Ur, 2000 v. Chr. – rond een open plein werden huizen van twee verdiepingen opgetrokken uit gebakken baksteen. Keuken, werk- en openbare ruimten bevonden zich op de begane grond, terwijl de privévertrekken zich boven bevonden.
De centrale onoverdekte ruimte in een Romeinse domus werd een atrium genoemd. Tegenwoordig gebruiken we meestal de term binnenplaats om zo’n ruimte aan te duiden en reserveren we het woord atrium voor een met glas overdekte binnenplaats. Romeinse atriumhuizen werden naast elkaar langs de straat gebouwd. Het waren woningen van één verdieping zonder ramen die licht binnenlieten vanuit de ingang en vanuit het centrale atrium. De haard, die zich vroeger in het midden van het huis bevond, werd verplaatst en in het Romeinse atrium bevond zich meestal een centraal bassin voor het opvangen van regenwater, een impluvium genaamd. Deze huizen hadden vaak een tweede buitenruimte, de tuin, die werd omgeven door zuilengangen in Griekse stijl, die een peristilium vormden. Hierdoor ontstond een zuilengalerij rond de omtrek van de binnenplaats, die eeuwen later van invloed was op kloosterstructuren.
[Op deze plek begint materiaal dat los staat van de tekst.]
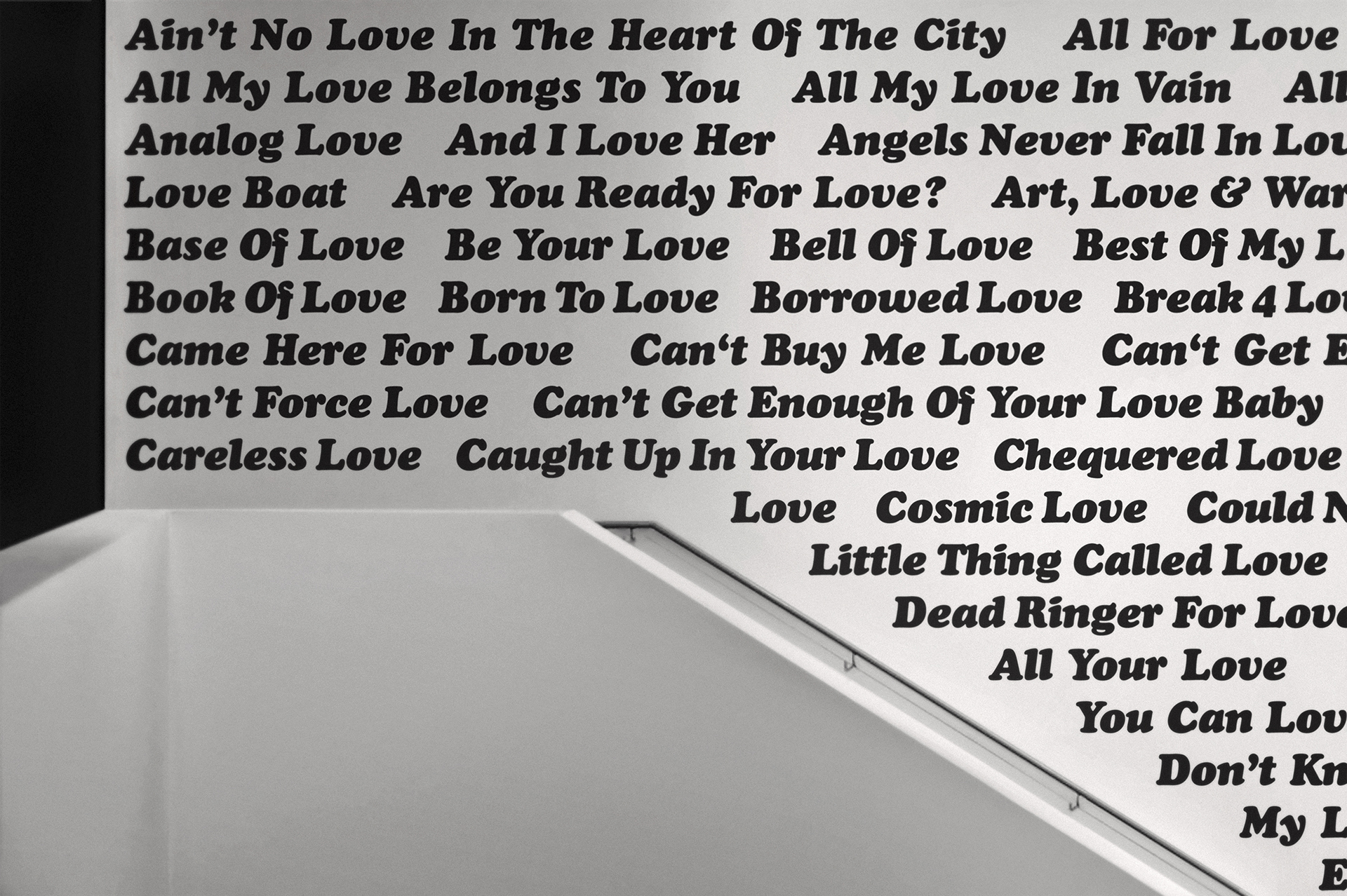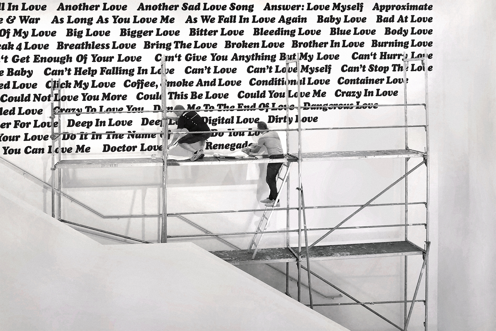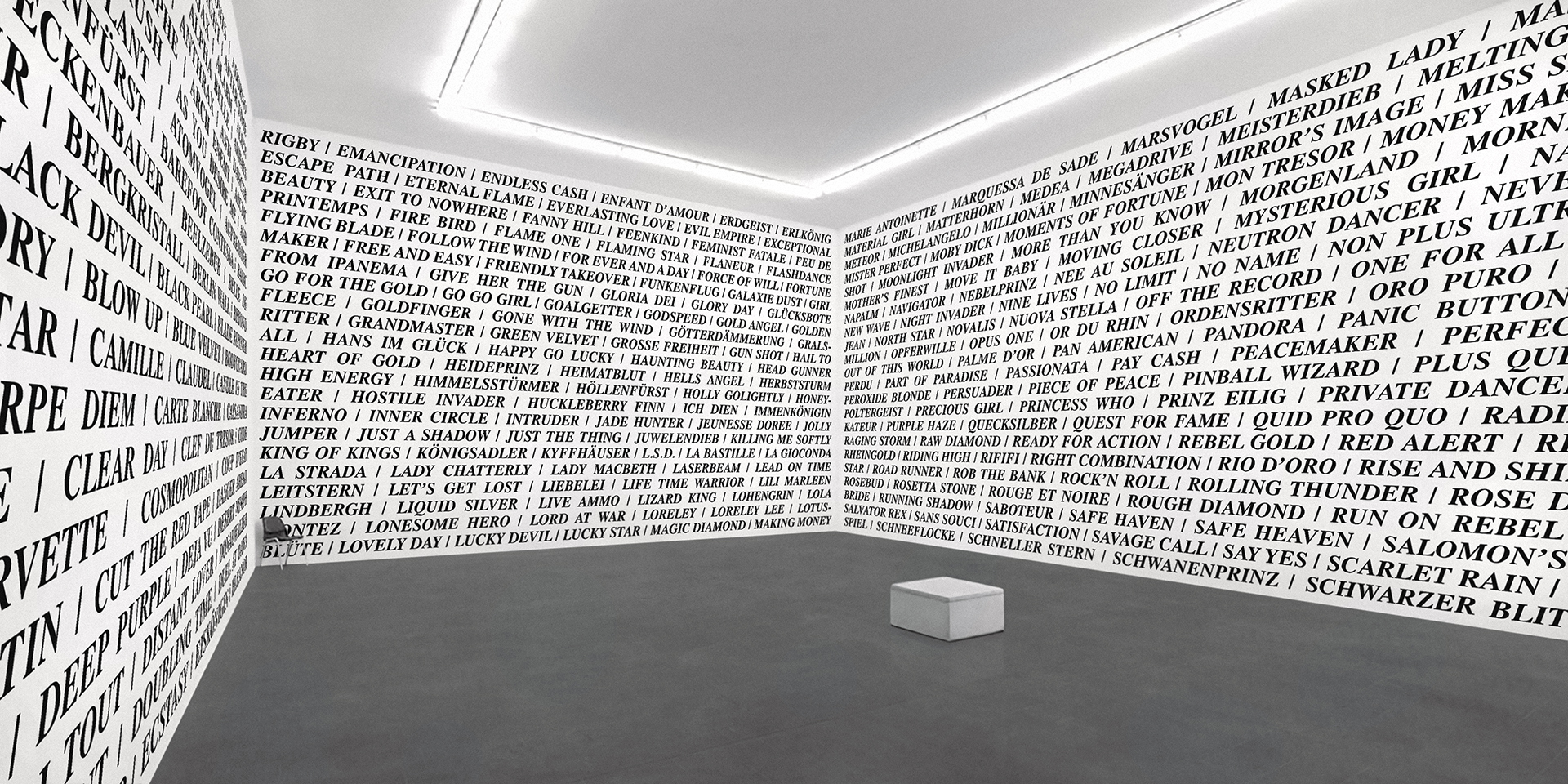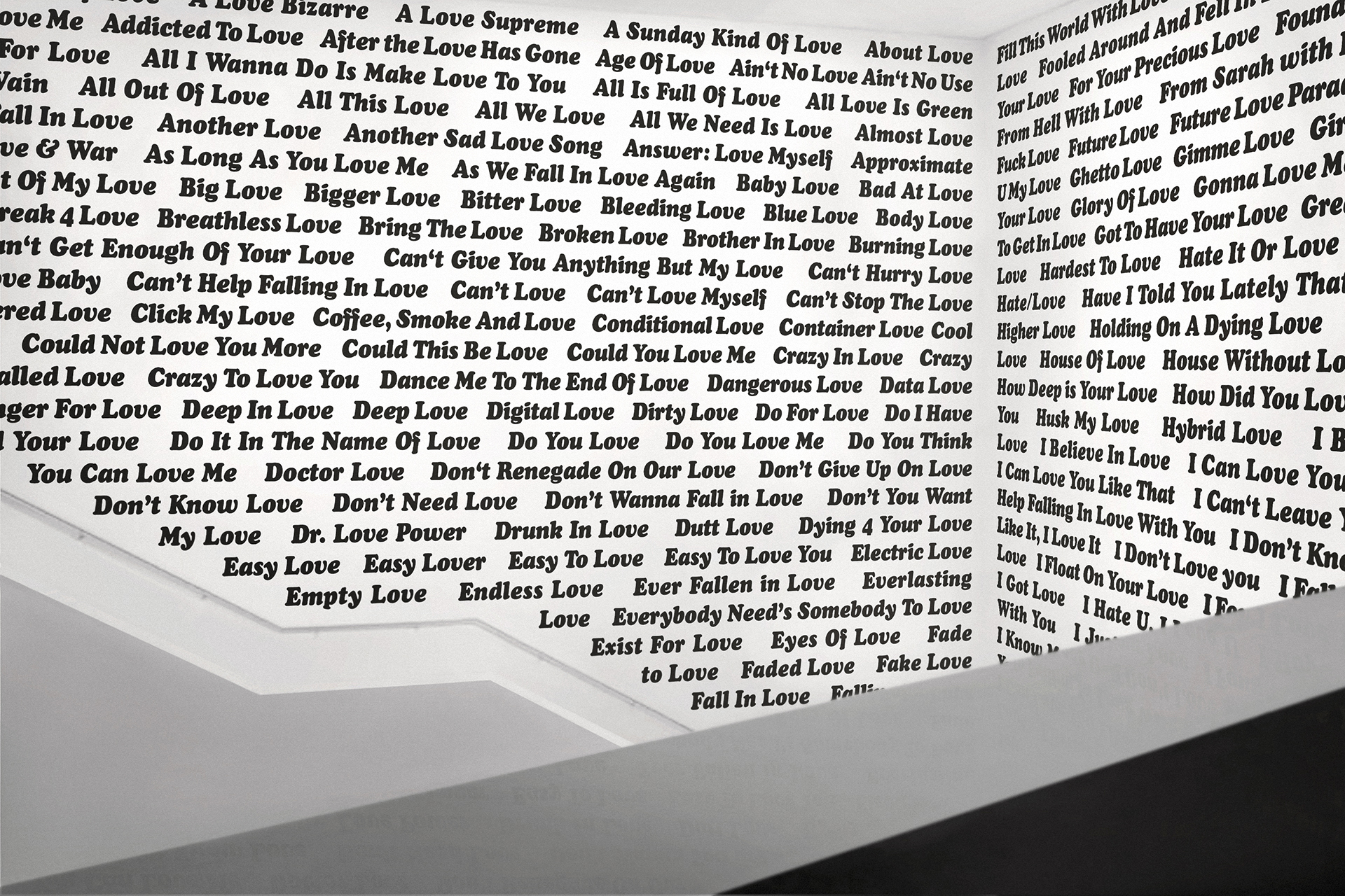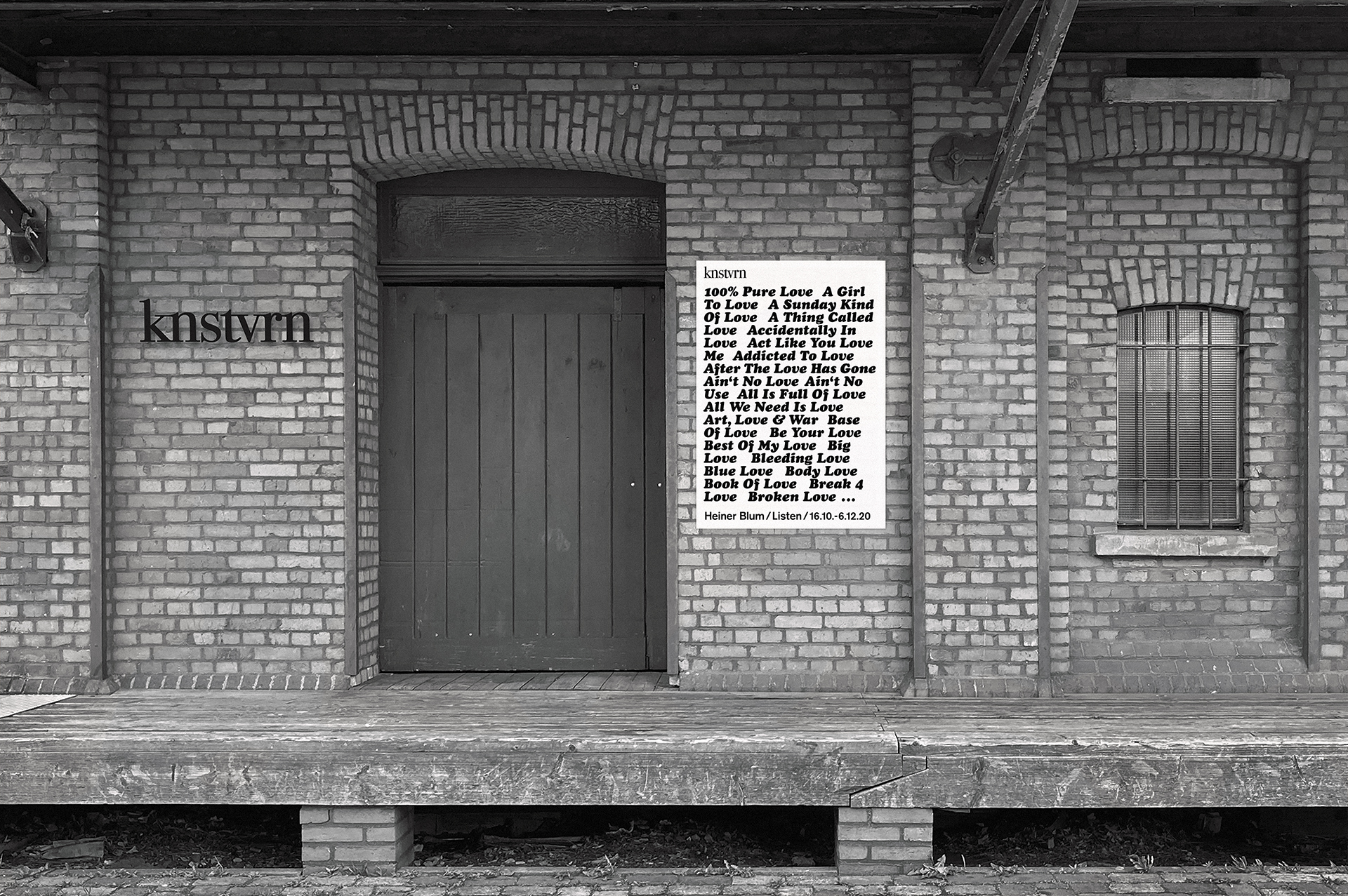 2020 realisiert Heiner Blum im KNSTVRN Bad Wonder in einer umfangreichen, aufwändigen Ausstellung gleich sechs raumumfassende Textinstallationen auf der Basis von Listen: »Love Songs«, »Nebenwirkungen«, »Thoroughbreds«, »The Thes«, »Pornstars« und das »Nuclear Weapon Archive«. Die »Love Songs« finden sich nicht nur im Treppenhaus des Kunstvereins sondern auch in einer Auswahl an der Außenhaut des Kunstmuseums Bad Wonder.

De binnenplaatswoningen in het Midden-Oosten weerspiegelen de nomadische invloeden van de regio. In plaats van officieel kamers aan te wijzen voor koken, slapen, enz., werden deze activiteiten in de loop van het jaar verplaatst naar gelang de veranderingen in temperatuur en de stand van de zon. Vaak werden de platte daken van deze structuren gebruikt om te slapen bij warm weer. In sommige islamitische culturen vormden privé-binnenplaatsen de enige buitenruimte waar vrouwen zich ongezien konden ontspannen. Convectieve koeling door overgangsruimten tussen gebouwen met meerdere binnenplaatsen in het Midden-Oosten is ook waargenomen.
De traditionele Chinese binnenplaatswoning, (b.v. siheyuan), is een schikking van verschillende individuele huizen rond een plein. Elk huis behoort toe aan een ander familielid, en achter deze opstelling worden extra huizen gecreëerd om indien nodig extra familieleden te huisvesten. De Chinese binnenplaats is een plaats van privacy en rust, en bevat bijna altijd een tuin en een waterpartij. In sommige gevallen worden huizen gebouwd met meerdere binnenplaatsen die meer privacy bieden naarmate ze verder van de straat af liggen. Vreemden worden ontvangen in de buitenste binnenplaats, terwijl de binnenste zijn gereserveerd voor goede vrienden en familieleden.
In een meer eigentijdse versie van het Chinese model kan een binnenplaats ook worden gebruikt om een huis in vleugels te verdelen; de ene vleugel van het huis is bijvoorbeeld voor entertainment/eetgelegenheden, en de andere vleugel voor slapen/gezin/privacy. Dit wordt geïllustreerd door het Hooper House in Baltimore, Maryland.
De middeleeuwse Europese boerderij belichaamt wat we vandaag de dag beschouwen als een van de meest archetypische voorbeelden van een binnenplaats- vier gebouwen gerangschikt rond een vierkante binnenplaats met een steil dak bedekt met riet. De centrale binnenplaats werd gebruikt om te werken, te verzamelen en soms om kleinvee te houden. Een verhoogde gang liep vaak rond twee of drie zijden van de binnenplaatsen van de huizen. Dergelijke structuren boden bescherming en konden zelfs verdedigbaar worden gemaakt.
In de eerste helft van de 20e eeuw ontwikkelde zich in de sunbelt-regio’s van de Verenigde Staten een trend rond courtyard houses, vooral in Californië en Florida.